Jessica Guyun, USA Today, January 7, 2021
The Labor Department has suspended enforcement of Donald Trump’s executive order restricting diversity training by government agencies and contractors that the president labeled “divisive” and “un-American” after a federal court judge blocked it.
Late last month U.S. District Judge Beth Labson Freeman granted a preliminary nationwide injunction in a lawsuit filed by LGBT rights groups in the Northern District of California, saying the groups were likely to prevail on their First Amendment claims.
“Plaintiffs have demonstrated a likelihood of success in proving violations of their constitutional rights,” Freeman wrote in a 34-page order. “Moreover, as the government itself acknowledges, the work Plaintiffs perform is extremely important to historically underserved communities.”

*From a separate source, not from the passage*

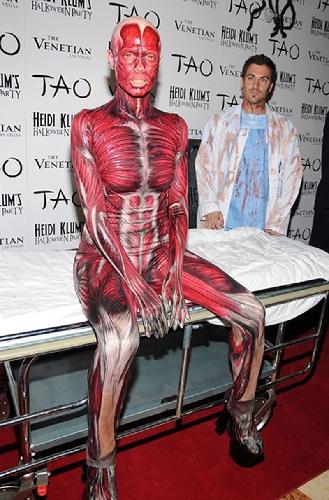■ Heidi Klum u25B6 attends a Halloween party at Tao at The Venetian wearing a costume that looks like one of the formerly living people from "Bodies: The Exhibition." Is it creepy to say that she still looked kind of hot?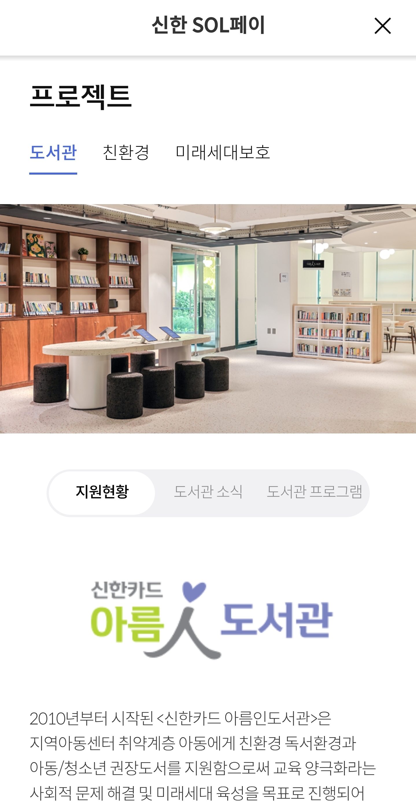 2010년부터 시작된 <신한카드 아름인도서관>은 지역아동센터 취약계층 아동에게 친환경 독서환경과 아동/청소년 권장도서를 지원함으로써 교육 양극화라는 사회적 문제 해결 및 미래세대 육성을 목표로 진행되어 왔습니다.

In guidance issued by the Labor Department on Monday, the Office of Federal Contract Compliance Programs will stop investigating any agency or contractor suspected of violating the executive order and will take no enforcement action. A hotline set up to collect complaints will no longer be used.
The department “is fully complying with the preliminary injunction,” a Labor Department spokesperson told USA TODAY.
Trump’s executive order was seen by critics as a broadside against diversity and inclusion programs seeking to reverse patterns of discrimination and exclusion going back decades. The incoming Joe Biden administration is widely expected to scrap it.
Trump’s executive order, which affected government agencies, Fortune 500 companies, educational institutions, nonprofits and any others that have federal contracts or plan to apply for them, had an almost immediate chilling effect on reinvigorated efforts to address racial disparities in the workplace after the death of George Floyd, a Black man, under the knee of white officer in Minneapolis in May.
Democrats had called on the federal government to back off the order, calling it a political stunt. Bob Menendez, D-N.J.; Sherrod Brown, D-Ohio; Elizabeth Warren, D-Mass.; and 18 other senators sent a letter opposing the implementation of the executive order, saying it stifles “much-needed efforts in our states to reduce racial and sex-based discrimination.”
The executive order’s stated goal was “to combat offensive and anti-American race and sex stereotyping and scapegoating.”
The Labor Department previously told USA TODAY the elimination of “race and sex stereotyping and scapegoating in employment” was “a key civil rights priority of the Trump Administration.”
The target of Trump’s executive order was critical race theory, which teaches that racism pervades government and other American institutions, giving white people an advantage.